Working data =

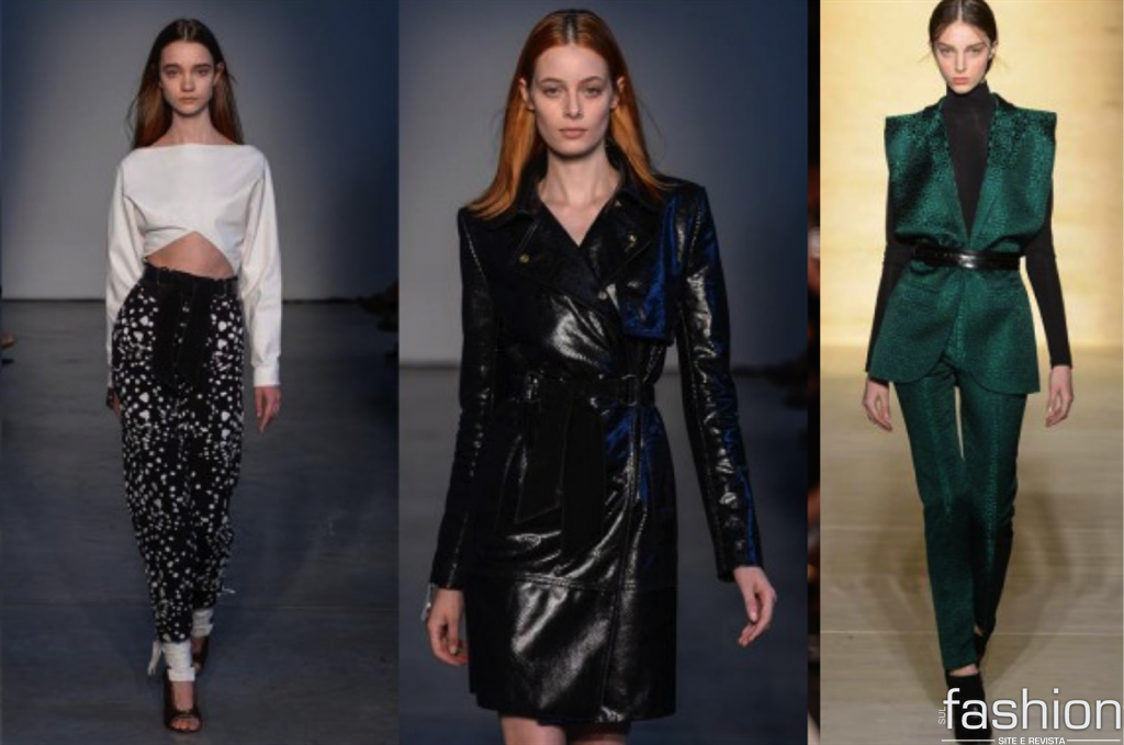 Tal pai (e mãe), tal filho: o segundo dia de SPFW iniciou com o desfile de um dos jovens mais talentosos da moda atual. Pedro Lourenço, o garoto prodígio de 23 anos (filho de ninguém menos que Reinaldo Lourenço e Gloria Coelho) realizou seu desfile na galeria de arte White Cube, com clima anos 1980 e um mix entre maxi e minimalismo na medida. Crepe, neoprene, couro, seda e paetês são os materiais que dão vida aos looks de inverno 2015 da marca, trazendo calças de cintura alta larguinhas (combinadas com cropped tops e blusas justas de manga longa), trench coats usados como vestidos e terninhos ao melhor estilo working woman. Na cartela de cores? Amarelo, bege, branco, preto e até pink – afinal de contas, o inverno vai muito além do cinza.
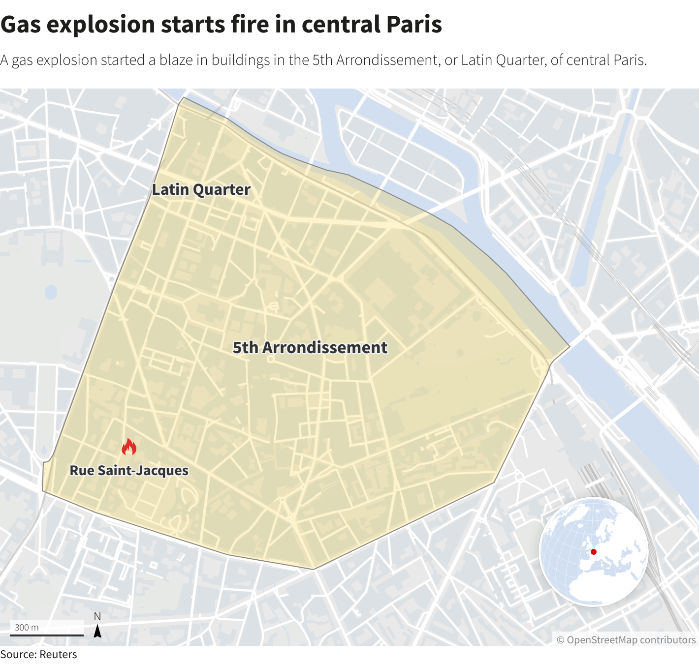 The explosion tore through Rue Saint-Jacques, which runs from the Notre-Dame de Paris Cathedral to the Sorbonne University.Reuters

...

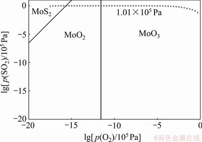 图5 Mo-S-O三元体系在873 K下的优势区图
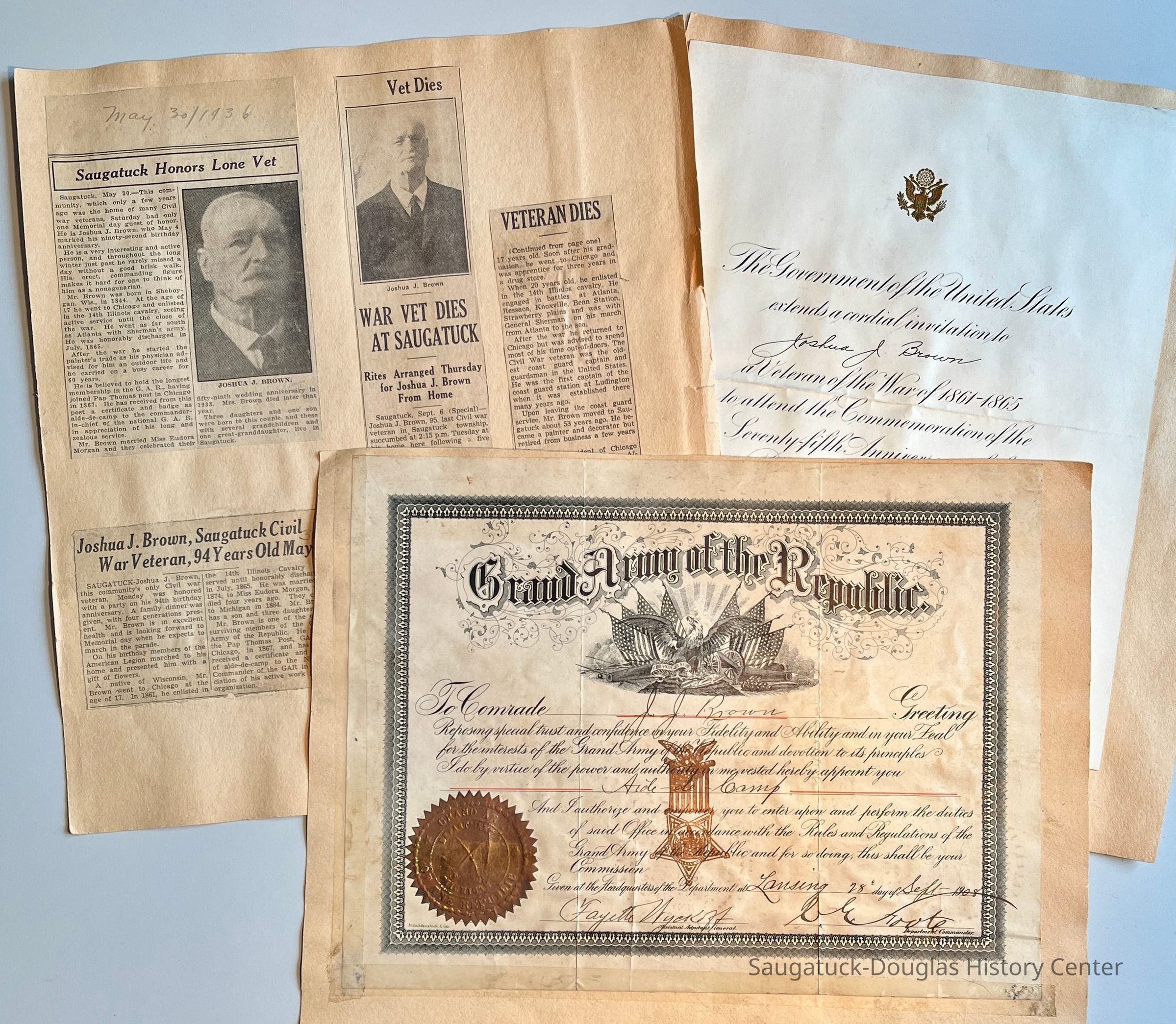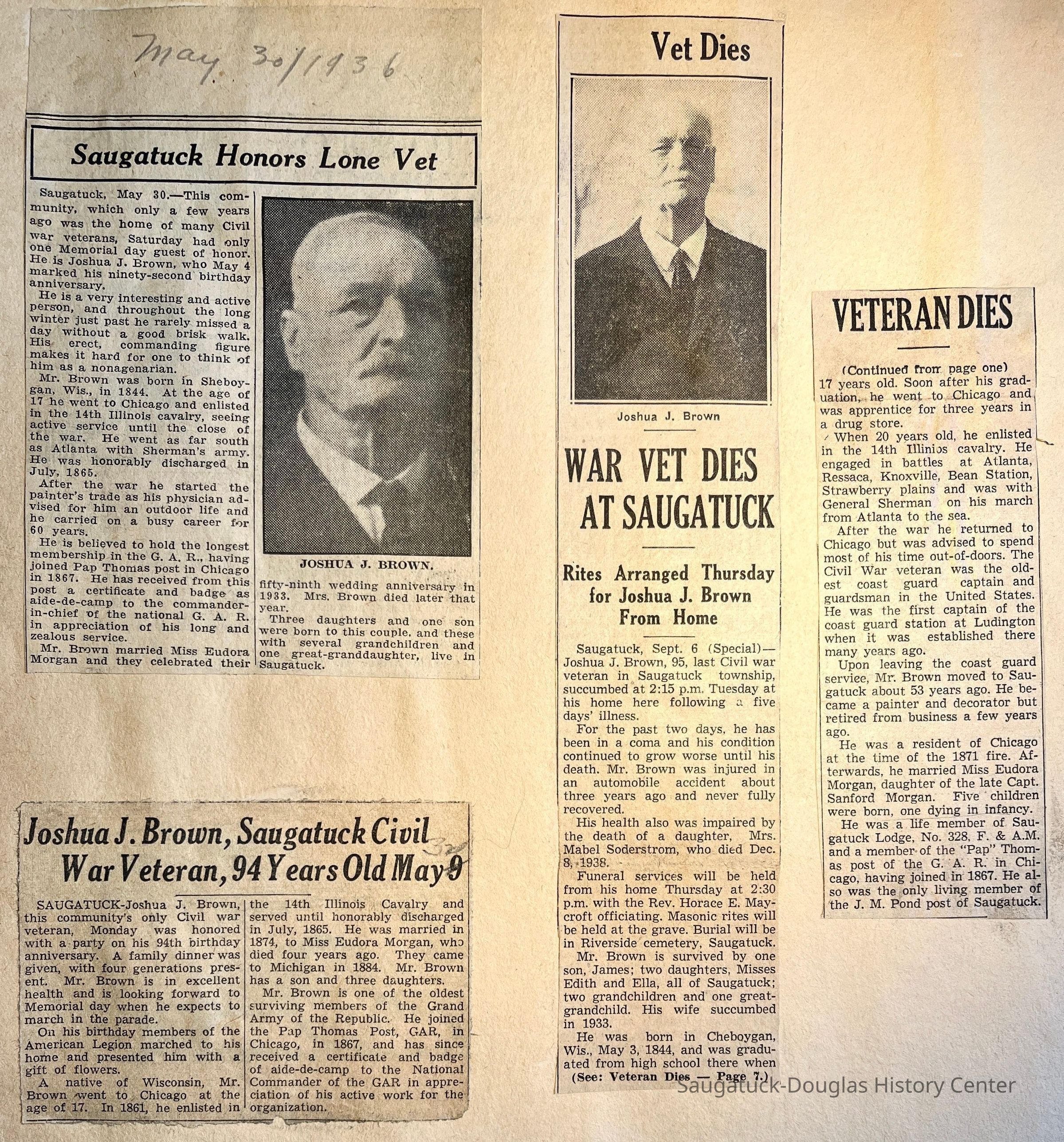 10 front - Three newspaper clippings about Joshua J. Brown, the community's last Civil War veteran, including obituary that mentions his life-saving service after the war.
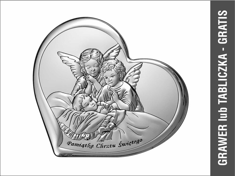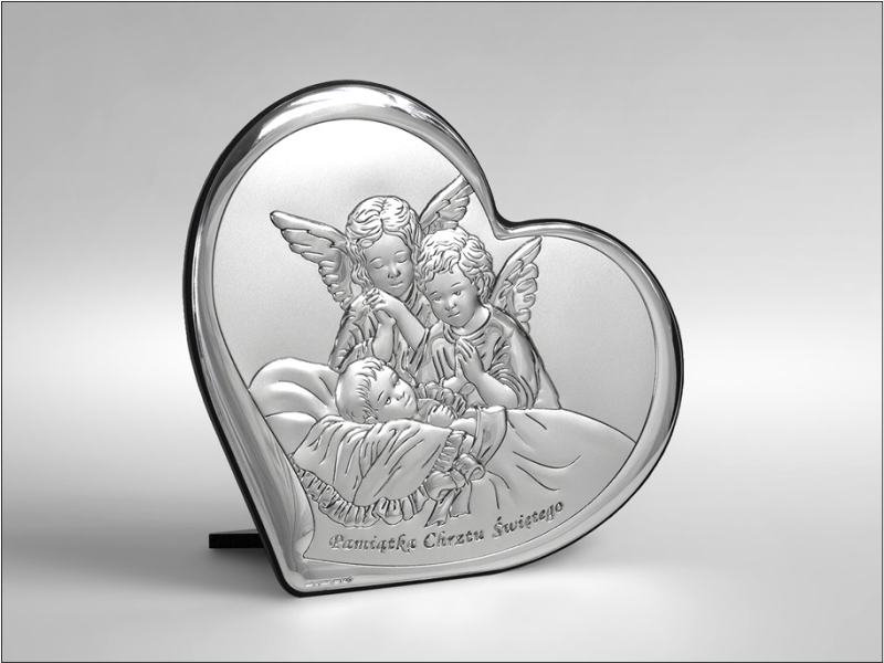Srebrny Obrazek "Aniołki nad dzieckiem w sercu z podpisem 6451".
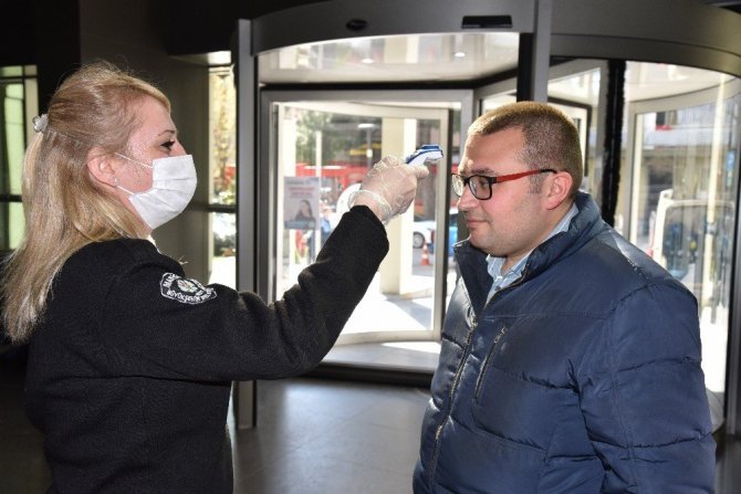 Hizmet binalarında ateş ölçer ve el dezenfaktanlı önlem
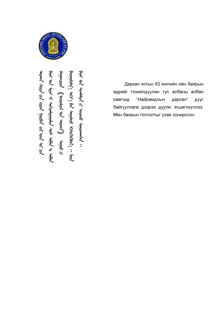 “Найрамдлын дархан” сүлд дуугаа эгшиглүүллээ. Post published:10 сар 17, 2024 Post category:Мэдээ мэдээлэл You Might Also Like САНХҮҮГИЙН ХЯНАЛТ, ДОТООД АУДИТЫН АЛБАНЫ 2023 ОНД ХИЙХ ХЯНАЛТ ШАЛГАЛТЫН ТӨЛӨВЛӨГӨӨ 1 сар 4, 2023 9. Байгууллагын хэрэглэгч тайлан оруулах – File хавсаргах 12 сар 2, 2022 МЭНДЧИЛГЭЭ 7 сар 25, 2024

What you need to do =
When you reach the line holding "10 front - Three" in the listing above, begin retyping exactly, and stop once the line holding "сар 25, 2024" is done; pictures stay out.

Written answer =
 10 front - Three newspaper clippings about Joshua J. Brown, the community's last Civil War veteran, including obituary that mentions his life-saving service after the war.
Srebrny Obrazek "Aniołki nad dzieckiem w sercu z podpisem 6451".
 Hizmet binalarında ateş ölçer ve el dezenfaktanlı önlem
 “Найрамдлын дархан” сүлд дуугаа эгшиглүүллээ. Post published:10 сар 17, 2024 Post category:Мэдээ мэдээлэл You Might Also Like САНХҮҮГИЙН ХЯНАЛТ, ДОТООД АУДИТЫН АЛБАНЫ 2023 ОНД ХИЙХ ХЯНАЛТ ШАЛГАЛТЫН ТӨЛӨВЛӨГӨӨ 1 сар 4, 2023 9. Байгууллагын хэрэглэгч тайлан оруулах – File хавсаргах 12 сар 2, 2022 МЭНДЧИЛГЭЭ 7 сар 25, 2024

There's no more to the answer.